2.4. The Comprehensive Air Quality Model (CAMx)
The Comprehensive Air quality Model (CAMx), developed by ENVIRON International Corporation California, is an Eulerian photochemical dispersion model that allows for an integrated “one-atmosphere” assessment of gaseous and particulate air pollution over many scales, ranging from urban to superregional (http://www.camx.com/home.aspx). CAMx simulates the dispersion, chemical reactions, and removal of pollutants in the troposphere by solving the pollutant continuity equation for each species. The aerosol deposition is handled by adopting the algorithm of S. A. Slinn and W. G. N. Slinn  and Seinfeld and Pandis  for the dry and wet deposition, respectively. To simulate the transport and deposition of mineral dust, the chemical module is switched off in this study. The meteorological input data are provided by RAMS, and the emission rates of clay and small silt types are provided by DUSTEM (Table 1). The initial and boundary conditions are set to zero. To consider the atmospheric dust loading, the simulation starts on 1 June, some days in advance of the outbreak over Europe. The horizontal computational domain is the same as that used for DUSTEM. There are 18 vertical levels, from 10 m to 10,500 m, with a finer resolution near the ground. The concentration outputs for clay and small silt soil types are provided with a temporal resolution of 1 hour.
2.5. PM10 Sampling and Analysis
To characterise the PM10 mass concentration and composition at the ground level, the concentration of all soil-related elements is measured by PIXE to assess the mineral dust concentration [36–40]. The simultaneous detection, with high sensitivity, of all the elements that compose mineral dust makes PIXE highly effective for these investigations. A simultaneous increase in the concentration of all crustal elements is indeed a first indication of the occurrence of dust events; clearly, it is a stronger signature than the increase of the PM mass concentration, which may be due to many other sources, both natural and anthropogenic. However, an increase of crustal element concentrations may also be due to local soil dust resuspension: in this context, the analysis of changes in elemental ratios may help distinguish between these two kinds of events. Moreover, when the aerosol is sampled at more than one site, the observation of a simultaneous increase of soil-related elements at the different sites may also suggest the impact of long-range transported soil dust affecting a wide area, while the observation of different patterns from site to site clearly hints at the contribution of local sources.
2.6. PM10 Sampling
Aerosol samples are collected on 47 mm Teflon filters on a daily basis (from midnight to midnight) using low-volume (2.3 m3/h) sequential samplers (HYDRA Dual Sampler, FAI Instruments) equipped with a PM10 inlet in accordance with the European rule EN 12341.

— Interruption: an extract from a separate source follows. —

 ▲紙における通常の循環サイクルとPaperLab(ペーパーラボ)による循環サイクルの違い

The PM10 daily mass concentrations are obtained by weighing the filters with an analytical balance (sensitivity 1 μg) before and after the sampling, always after a storage period (48 hours) in a temperature and humidity controlled room with an ambient temperature = (20 ± 1)°C and a relative humidity RH = (50 ± 5)%. Electrostatic effects are avoided by using a deionising gun.

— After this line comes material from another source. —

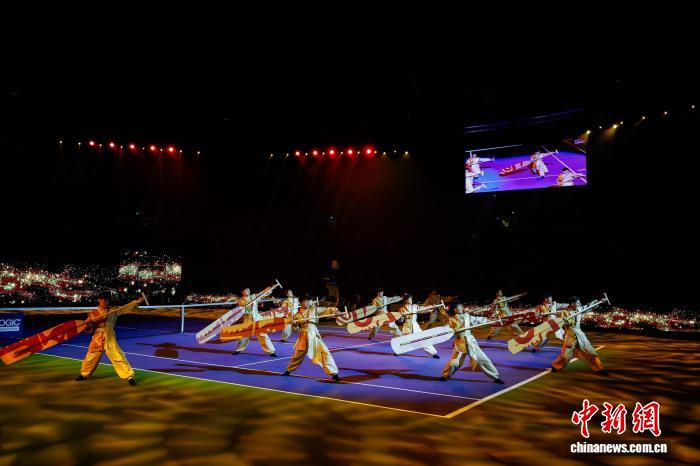 中新网宁波10月14日电(张煜欢 肖健)金秋十月,“茶花赛场”上灯光璀璨,10月13日晚,2025奥克斯·宁波网球公开赛开幕式在宁波(鄞州)网球中心举行。现场灯光与音乐交织,科技与艺术共融,开场表演《羽人竞渡》更展现了宁波人团结拼搏、勇毅前行的精神。在现场数千位观众的共同见证下,中心赛场的“茶花”屋顶徐徐开启,象征着这场世界级网球盛宴正式拉开序幕。

In particular, a comprehensive dataset of PM10 measured concentrations and composition at the ground level is obtained in the framework of the PATOS project, the first extensive field campaign for PM10 characterisation in Central Italy (Tuscany), which was supported by the Regional Government (http://servizi.regione.toscana.it/aria/index.php?idDocumento=18348). PM10 samples are collected from September 2005 to September 2006 at six sampling sites in Tuscany that are representative of different types of areas: Florence (urban background), Prato (urban traffic), Capannori-Lucca (urban background), Arezzo (urban traffic), Grosseto (urban background), and Livorno (suburban background). In this field campaign, the three available samplers are used to collect the PM10 data in the six sites previously cited. These samplers are moved every 15 days from three sampling sites (Arezzo, Prato, and Livorno) to the other three (Florence, Capannori-Lucca, and Grosseto). In this way, data relative to the long-range transport dust intrusion of June and the background level due to local dust resuspension is sampled.

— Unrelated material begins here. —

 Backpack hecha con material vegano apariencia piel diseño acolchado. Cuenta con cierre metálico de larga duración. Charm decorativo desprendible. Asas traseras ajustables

2.7. PM10 Compositional Analysis
The PM10 samples are analysed by Particle-Induced X-ray Emission (PIXE) to determine the aerosol elemental composition and, in particular, the concentrations of all the main soil-related elements (Na, Mg, Al, Si, K, Ca, Ti, Mn, Fe, and Sr). The same samples are also analysed by ion chromatography (IC) to assess the soluble fraction of inorganic ions, specifically the Na+ and Mg2+ concentrations. These values are used to determine the sea-salt contributions to Na and Mg to be subtracted for the calculation of the soil dust fraction of these elements.
The PIXE measurements are performed at the 3 MV Tandetron accelerator of the LABEC laboratory of INFN in Florence using the external beam setup dedicated to environmental applications [39, 41]. For this case study, each sample is irradiated for 500 s with a 3.2 MeV proton beam with an intensity of 5 nA over a spot of 2 mm2. During irradiation, the filter is moved in front of the beam so that most of the area of the deposit is analysed. The PIXE spectra are fitted using the GUPIX code  and elemental concentrations are obtained via a calibration curve from a set of thin standards (Micromatter Inc.). The minimum detection limits (MDLs) are 10 ng/m3 for low-Z elements and 1 ng/m3 for medium-high-Z elements. The elemental concentration uncertainty is determined by taking into account the independent uncertainties on the standard sample thickness (±5%), the aerosol deposition area (±2%), the airflow (±2%), and the X-ray counting statistics (from ±2 to ±20% or higher when concentrations approach MDLs).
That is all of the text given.